[Task description]
Pictures are to be left out, and only the lines from the one containing "質|這是出自於 Umba 河谷流域一帶所產出的馬來亞石榴石,皆屬於東非" through the last line of the data are to be returned exactly.

Stored items from a collection

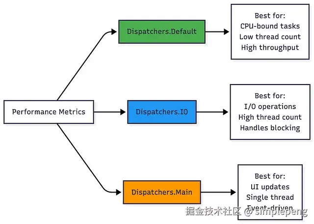 Dispatchers.Default 用于 CPU 密集型工作 - Dispatchers.IO for blocking I/O operations
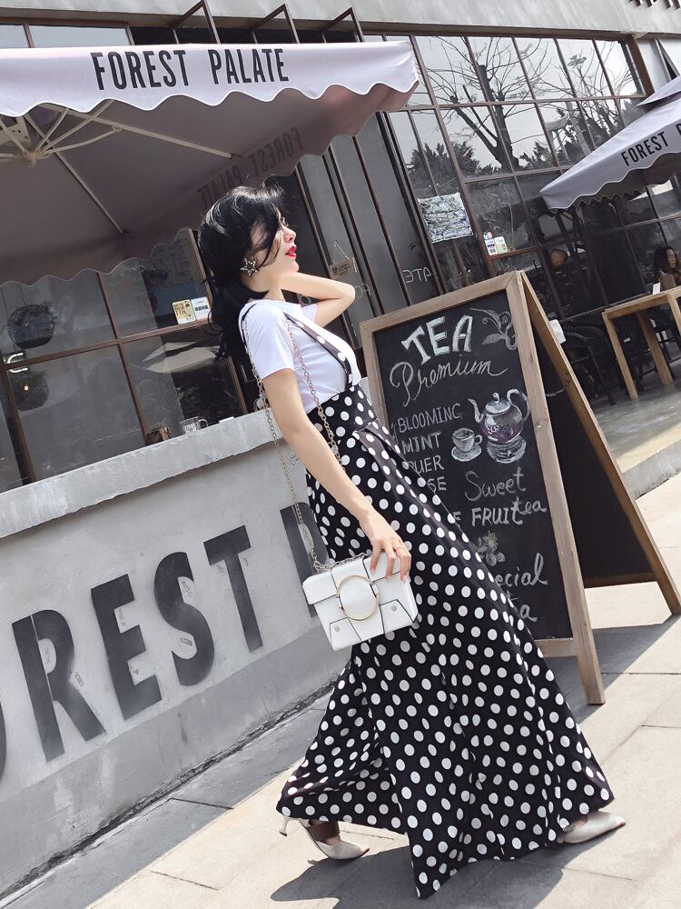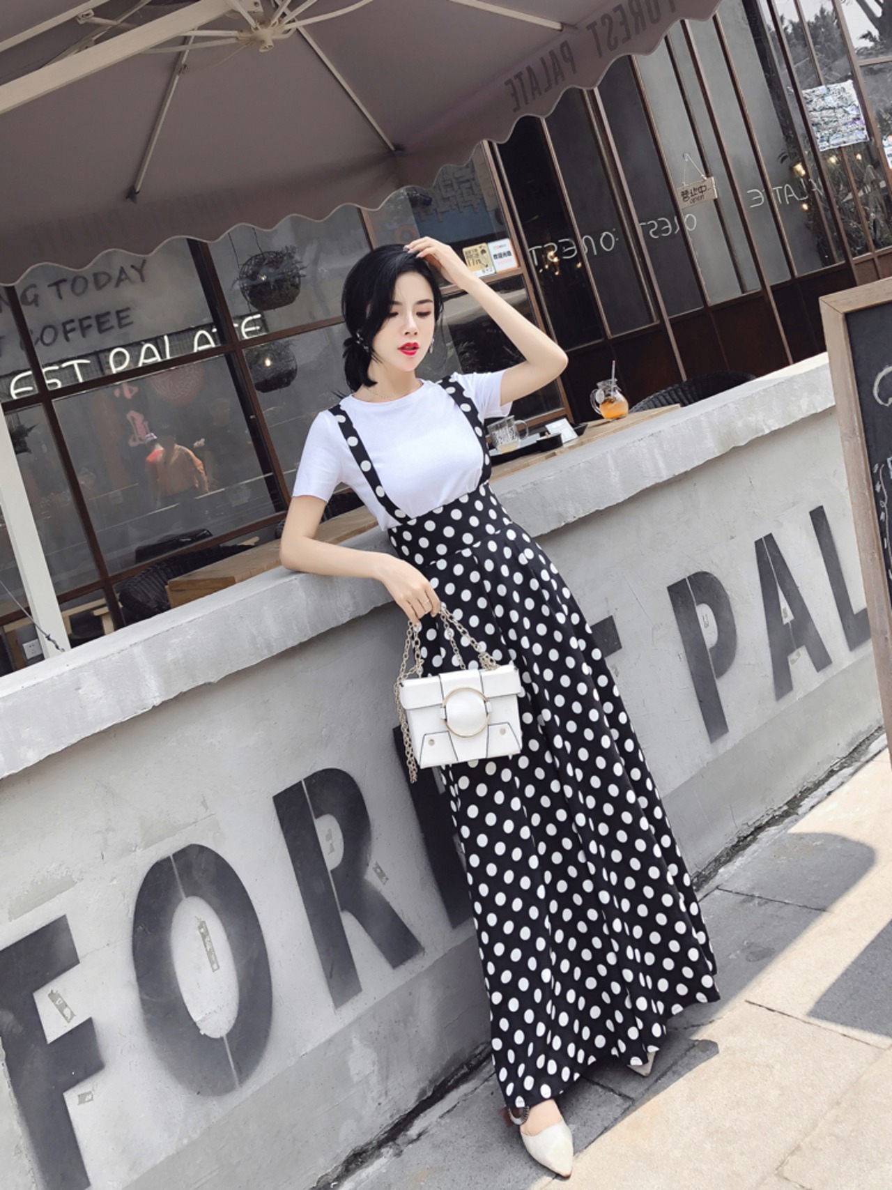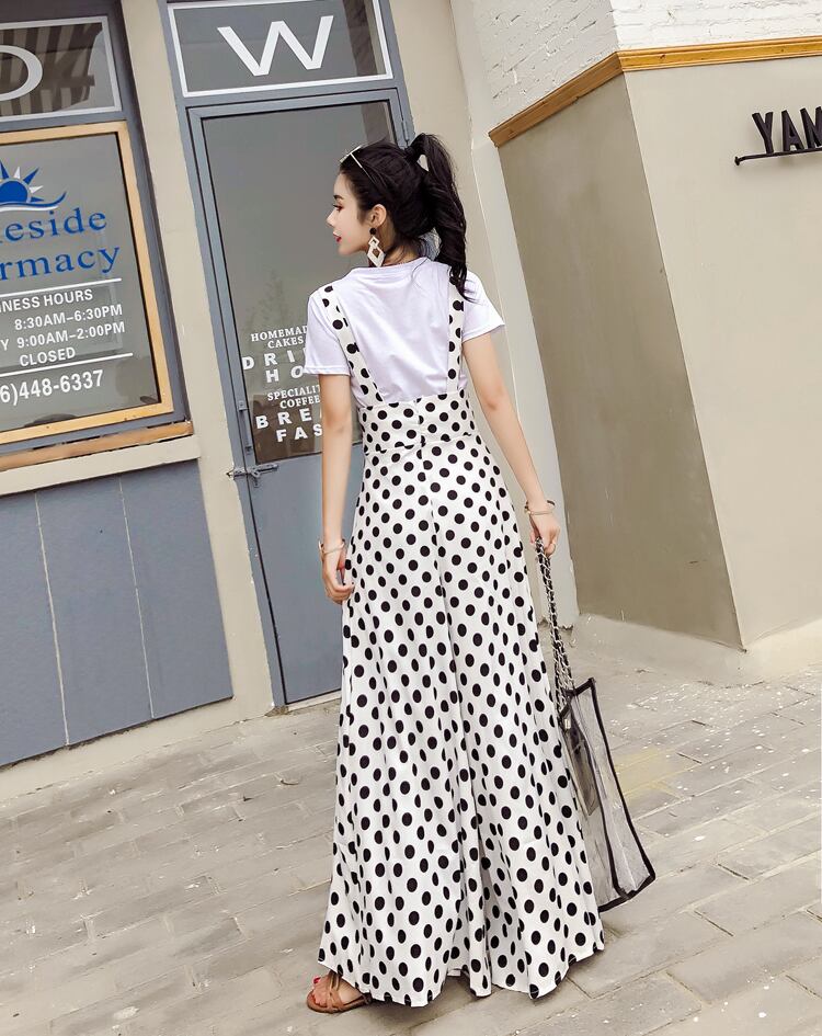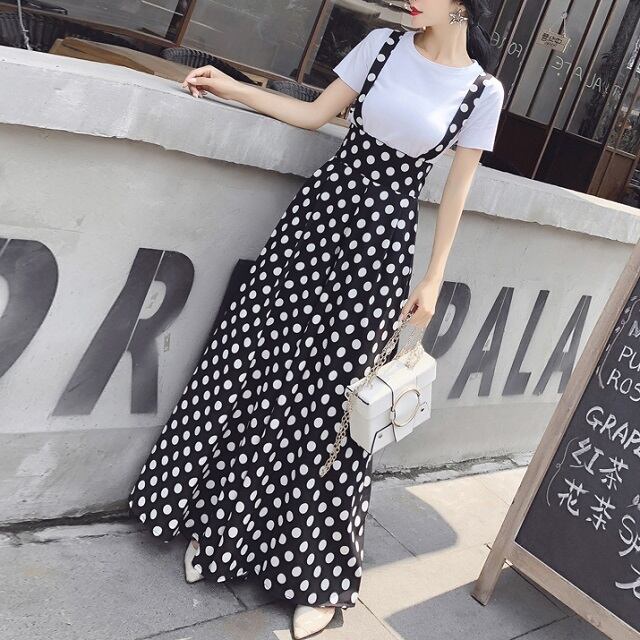 春物 売れ筋 おすすめ セットアップ 2ピース セット サロペット ワイドパンツ ドット柄 ゆったり 美脚 着やせ インナー Tシャツ カットソー ガーリー KN-0701 | dress_sugar_moon
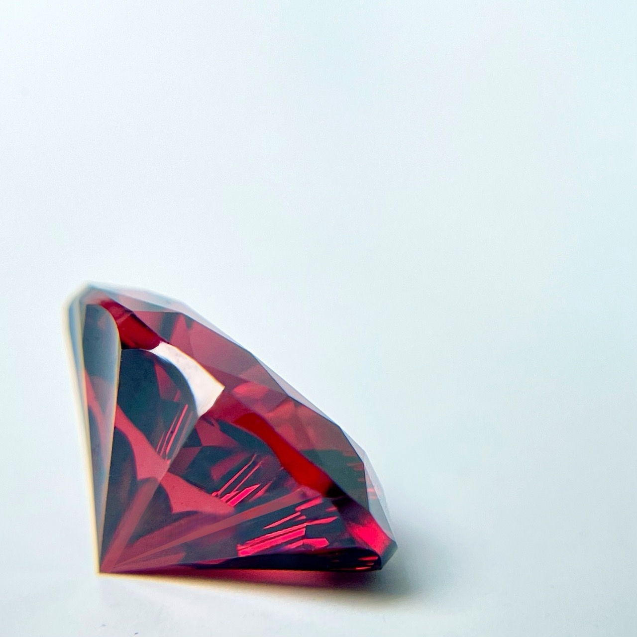 • 質|這是出自於 Umba 河谷流域一帶所產出的馬來亞石榴石,皆屬於東非 East Africa,最早此地原開採藍寶石,在開採中無意發現此地蘊藏大量非傳統紅色的石榴石,但當時人們沒見過非紅色以外的石榴石,由於當時也沒有這種石榴石的市場行情,工人一旦開採出這種榴石後便生氣地將其扔回河谷中不要也罷。故當地採礦工人皆稱之為 Malaia,土話翻譯為棄婦。在當時這種稱呼極為不雅,而「馬來亞」在現代聽起來則是非常異國感十足。與Umbalite 不同的是,Umbalite 多屬於鎂鋁石榴配上另一種化學元素,而馬來亞則是會有3種同時如 - 鎂鋁+鎂鐵+錳鋁 混血而成,按照當中各種元素的消長而具有多種色調,有些是橘色系,有些是亮紅系...等各種紅~黃都可能出現。也由於組成成分複雜,因此在石榴家族中馬來亞榴石算是罕見品種,而像這一枚如此大顆且超高淨度的馬來亞榴石,在千禧車工下火彩滿溢、光芒四射,是一極難能可貴的閃耀寶石。馬來亞石榴石的摩式硬度與其他石榴石相同為7.5,是作為寶石來配戴的極佳素材
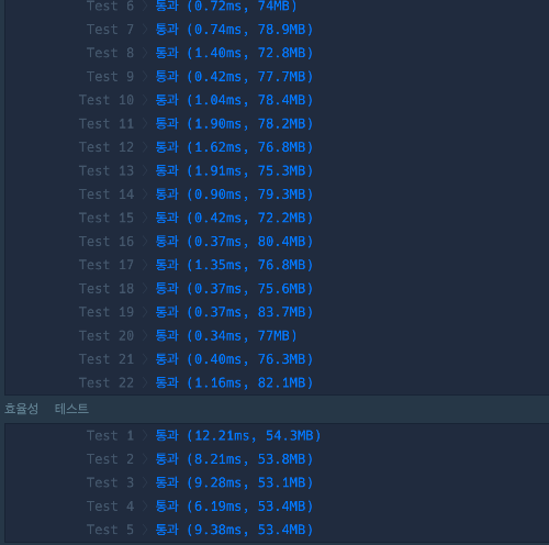 일단 일반 테스트 효율성도 너무 떨어지고, 효율성 테스트도 떨어졌다..
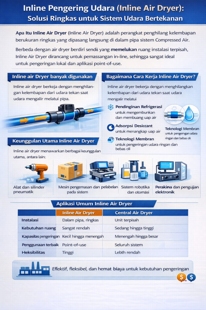 Inline air dryer bukan pengganti air dryer industri berskala besar, tetapi merupakan solusi tambahan yang sangat efektif untuk kebutuhan pengeringan lokal.

[Finished task]
 • 質|這是出自於 Umba 河谷流域一帶所產出的馬來亞石榴石,皆屬於東非 East Africa,最早此地原開採藍寶石,在開採中無意發現此地蘊藏大量非傳統紅色的石榴石,但當時人們沒見過非紅色以外的石榴石,由於當時也沒有這種石榴石的市場行情,工人一旦開採出這種榴石後便生氣地將其扔回河谷中不要也罷。故當地採礦工人皆稱之為 Malaia,土話翻譯為棄婦。在當時這種稱呼極為不雅,而「馬來亞」在現代聽起來則是非常異國感十足。與Umbalite 不同的是,Umbalite 多屬於鎂鋁石榴配上另一種化學元素,而馬來亞則是會有3種同時如 - 鎂鋁+鎂鐵+錳鋁 混血而成,按照當中各種元素的消長而具有多種色調,有些是橘色系,有些是亮紅系...等各種紅~黃都可能出現。也由於組成成分複雜,因此在石榴家族中馬來亞榴石算是罕見品種,而像這一枚如此大顆且超高淨度的馬來亞榴石,在千禧車工下火彩滿溢、光芒四射,是一極難能可貴的閃耀寶石。馬來亞石榴石的摩式硬度與其他石榴石相同為7.5,是作為寶石來配戴的極佳素材
 일단 일반 테스트 효율성도 너무 떨어지고, 효율성 테스트도 떨어졌다..
 Inline air dryer bukan pengganti air dryer industri berskala besar, tetapi merupakan solusi tambahan yang sangat efektif untuk kebutuhan pengeringan lokal.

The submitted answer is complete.